「プーチンの戦争は、ウクライナだけでなく、欧州に対する戦争」=独メルツ氏、防衛・安保支出増を訴える
メルツ氏が独議会の本会議における、債務抑制を定める基本法改正の議論の際に発言した。ウクルインフォルムの特派員が伝えた。
メルツ氏は、今回の改正でGDPの1%を超える安全保障支出が債務制限(債務ブレーキ)の対象から今後外れるということは、ドイツの将来、将来の世代にとっての真剣な変化だと指摘した。
同氏はその際、「このような債務が正当化されるのは、非常に具体的な状況、具体的な条件下においてのみである。(中略)何より、プーチンの欧州に対する侵略戦争だ。これは、欧州に対する戦争であって、ウクライナの領土一体性に対してのみの戦争ではない。これはまた、毎日生じている私たちの国に対する戦争であり、私たちのデータネットワークへの攻撃、供給ラインの破壊、放火、発注された殺人…。兵舎へのスパイ行為、偽情報キャンペーン、私たちの社会に対する体系的ミスリード、欧州連合(EU)を分断し、周辺化する試みを伴うものだ」と強調した。
その上でメルツ氏は、今後数年、数十年にわたって、あらゆる手段を行使して、これらの攻撃から自衛していくことを約束した。
同氏はまた、何年かもの安全の感覚が終わり、現在ドイツと欧州の防衛力の復活が必要となっていると指摘した。その際同氏は、技術的な防衛戦略、調達戦略、自動化システム、独立した欧州の衛星監視、武装無人機、その他現代的防衛システムに焦点を当てる必要があると訴えた。さらに同氏は、信頼できる予測可能な防衛契約が必要で、主に欧州の企業との契約が必要だと強調した。
その際同氏は、「これは私たちを迎える防衛政策のパラダイムシフトである」と発言した。
同氏は、現時点では北大西洋条約機構(NATO)において米国と一緒にでしか効果的な防衛は実現できないとしつつ、同時に、ドイツによる防衛支出の増加は「新しい欧州防衛共同体への重要な最初の一歩に他ならないもの」となる可能性を指摘した。そして同氏は、そのような防衛共同体には、英国やノルウェーをはじめとするEU非加盟国も関心を示していると発言した。

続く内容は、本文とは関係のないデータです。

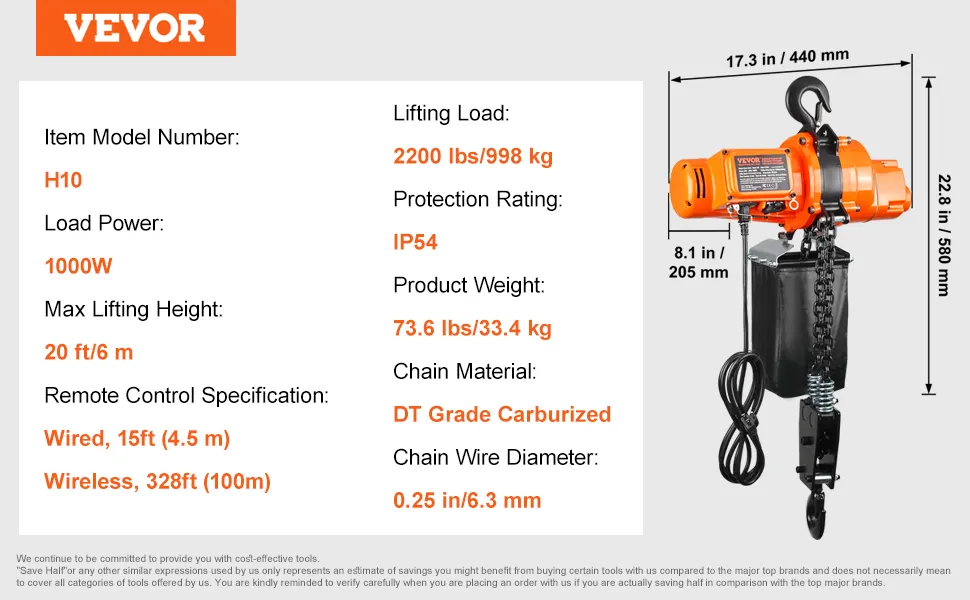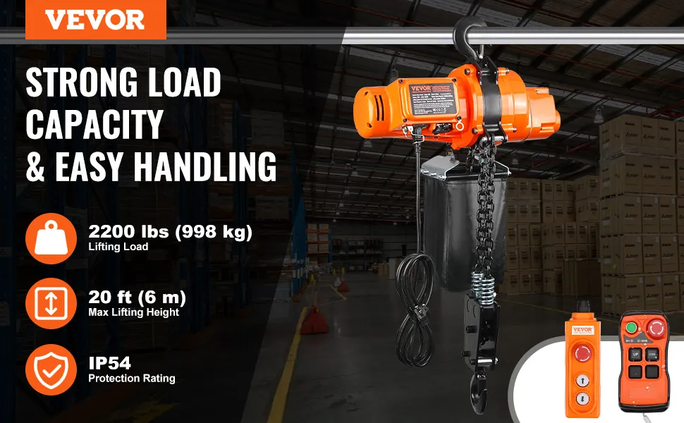 Capacità di sollevamento di 2200 libbre / 998 kg: benvenuta capacità di sollevamento di 2200 libbre / 998 kg! Il nostro paranco elettrico a catena è dotato di una catena in carbonio DT di alta qualità per durata e resistenza.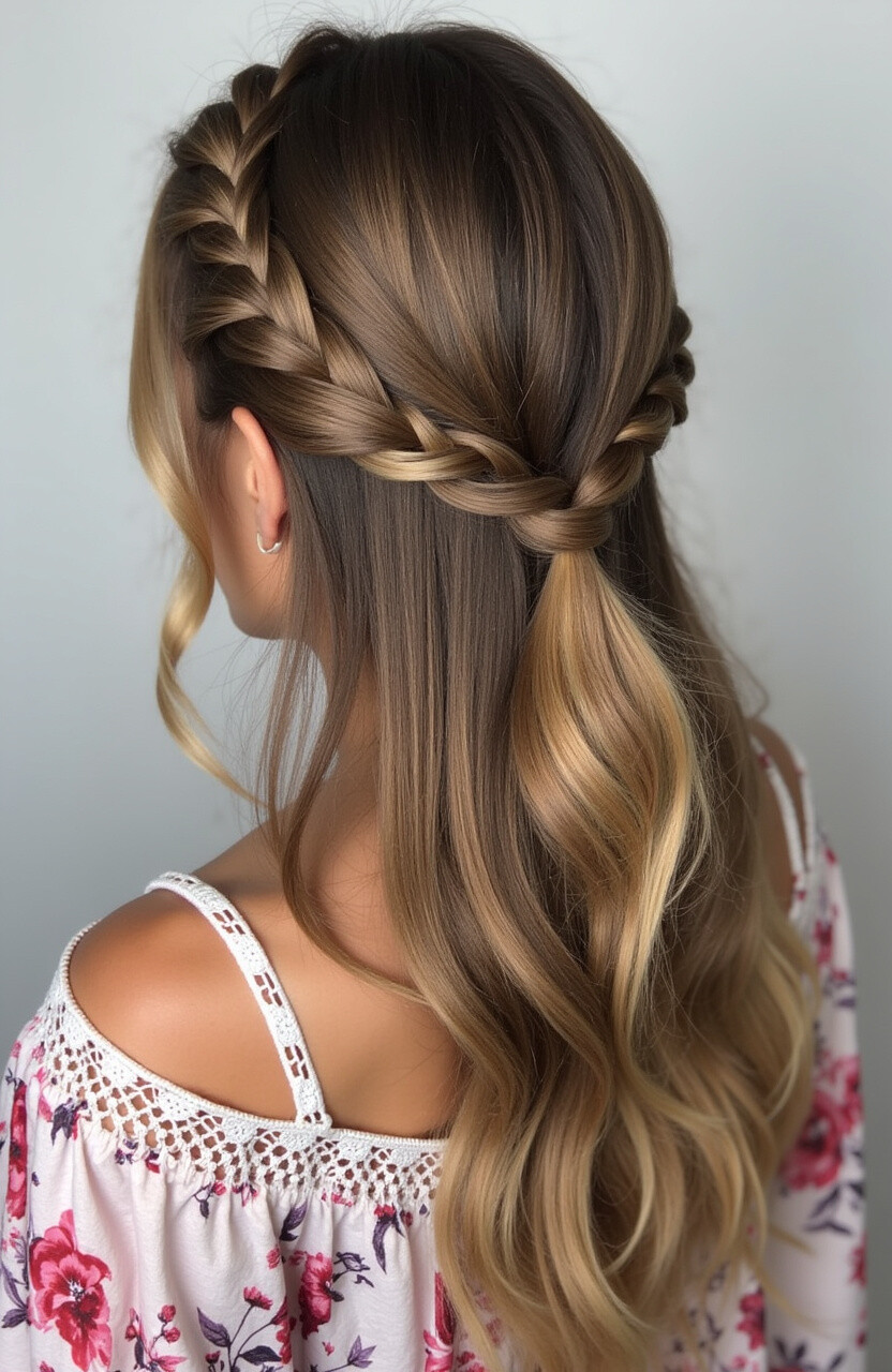 Braid a small section of your hair and let it blend into your waves for an enchanting look. It’s ideal for festivals or any bohemian-themed event.

CSU・CDUと一緒に改正案を提示した社会民主党のクリングバイル党首は、同改正はドイツにとっても欧州にとっても、肯定的で、重要で、かつドイツが欧州における平和維持のためにあらゆることを行うという明確なシグナルとなると発言した。
クリングバイル氏は、「今日、欧州における平和は再び脅威に晒されている。3年間、ウクライナは私たちの自由を英雄的に守っている。そして、彼らがこの戦争に勝つことは、私たちの自らの利益であり、私たちの安全保障上の利益である。私たちはウクライナの側にいる! ウクライナにおける状況は、過去数週間激しく悪化した。現在、欧州は、一方では攻撃的なロシアと隣り合わせであり、他方では予想不可能な米国と隣り合わせなのだ」と発言した。
そして同氏は、大西洋間協力を維持するために可能な限りのことを行うよう呼びかけるとともに、同時に、欧州における宿題を行うこと、より強くなることも呼びかけた。
上述の改正案への支持を約束した緑の党のハッセルマン会派長は、「重要なことは、グローバルな状況、専制国家による自由社会と民主主義への攻撃、国際法を侵害するプーチンの対ウクライナ侵略戦争、私たちが毎日目にしている残虐性、ドナルド・トランプによる欧州の責任の拒否を考慮すると、私たちは現在投資をせねばならないということである。そして、それは、ドイツ軍の強化に対してだけではなく、何よりも、私たちの安全保障機構全体へと根本的に対してである」と発言した。ハッセルマン氏はまた、軍への支出だけの話ではなく、国内の安全を担当する者に対しても関わることだと指摘した。
その後、ドイツ連邦議会は、CDU・CSU、社会民主党、緑の党の賛成により、基本法改正案を採択した。賛成は、改正に必要な3分の2の489票を超える513票だった。